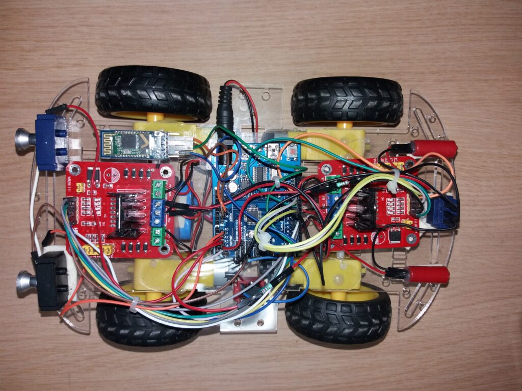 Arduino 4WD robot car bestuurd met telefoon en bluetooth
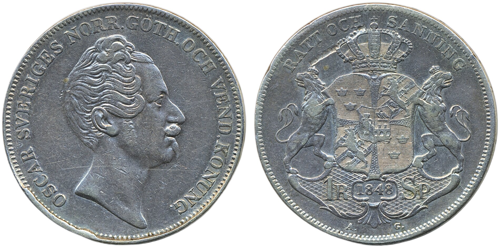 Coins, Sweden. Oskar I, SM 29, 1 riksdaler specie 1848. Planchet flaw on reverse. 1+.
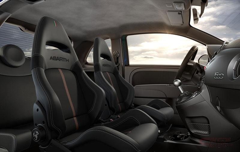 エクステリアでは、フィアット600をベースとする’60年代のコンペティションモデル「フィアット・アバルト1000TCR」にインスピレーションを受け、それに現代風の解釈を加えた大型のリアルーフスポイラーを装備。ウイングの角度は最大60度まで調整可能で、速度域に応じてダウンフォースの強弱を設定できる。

* * * *

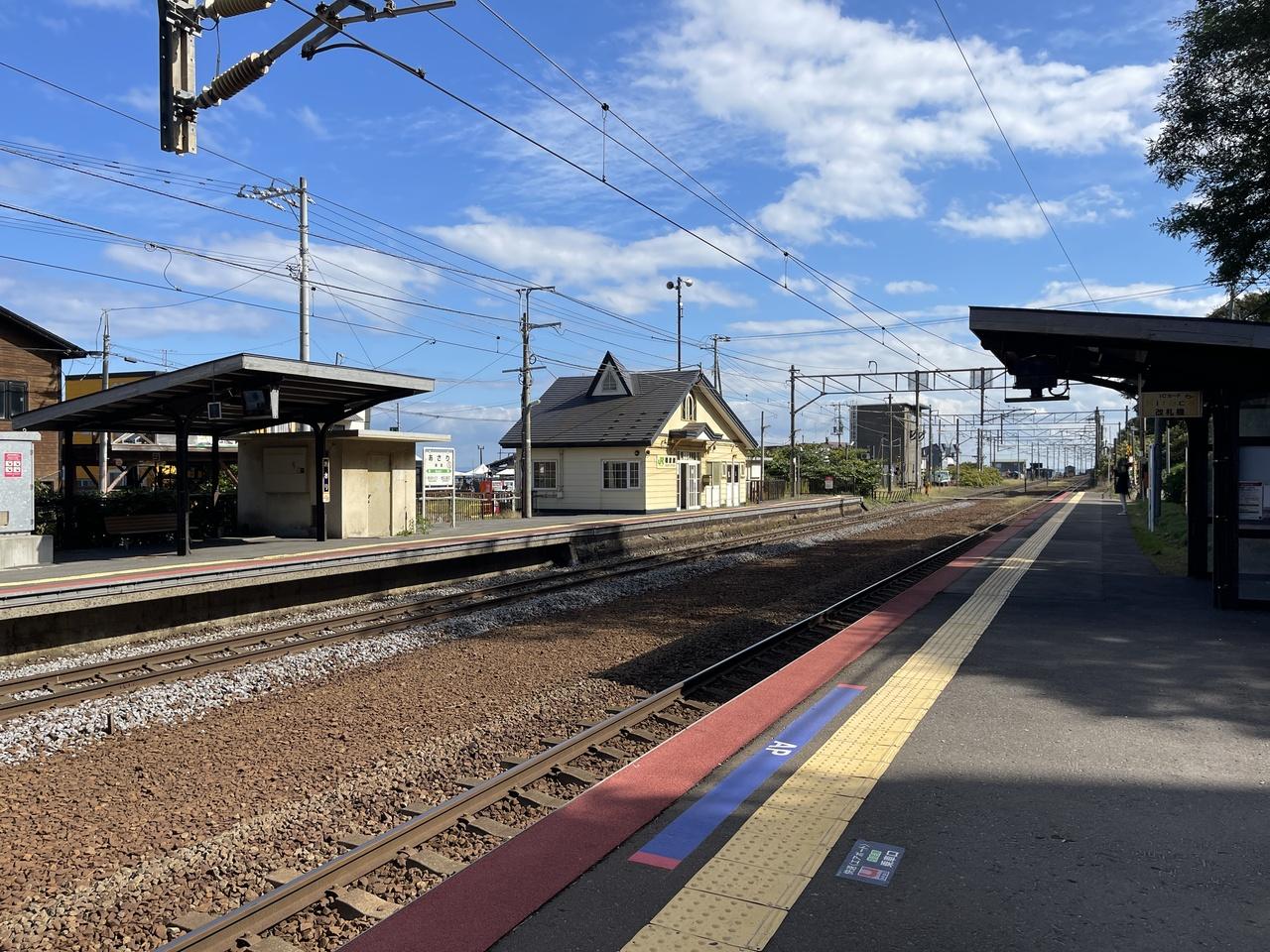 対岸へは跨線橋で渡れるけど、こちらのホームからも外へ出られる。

* * * *

> **PROMPT**:
Go down the entries above from the line containing "Arduino 4WD robot" to the line containing "エクステリアでは、フィアット" and write out each line exactly, leaving pictures out.

> **EXERCISE SOLUTION**:
 Arduino 4WD robot car bestuurd met telefoon en bluetooth
 Coins, Sweden. Oskar I, SM 29, 1 riksdaler specie 1848. Planchet flaw on reverse. 1+.
 エクステリアでは、フィアット600をベースとする’60年代のコンペティションモデル「フィアット・アバルト1000TCR」にインスピレーションを受け、それに現代風の解釈を加えた大型のリアルーフスポイラーを装備。ウイングの角度は最大60度まで調整可能で、速度域に応じてダウンフォースの強弱を設定できる。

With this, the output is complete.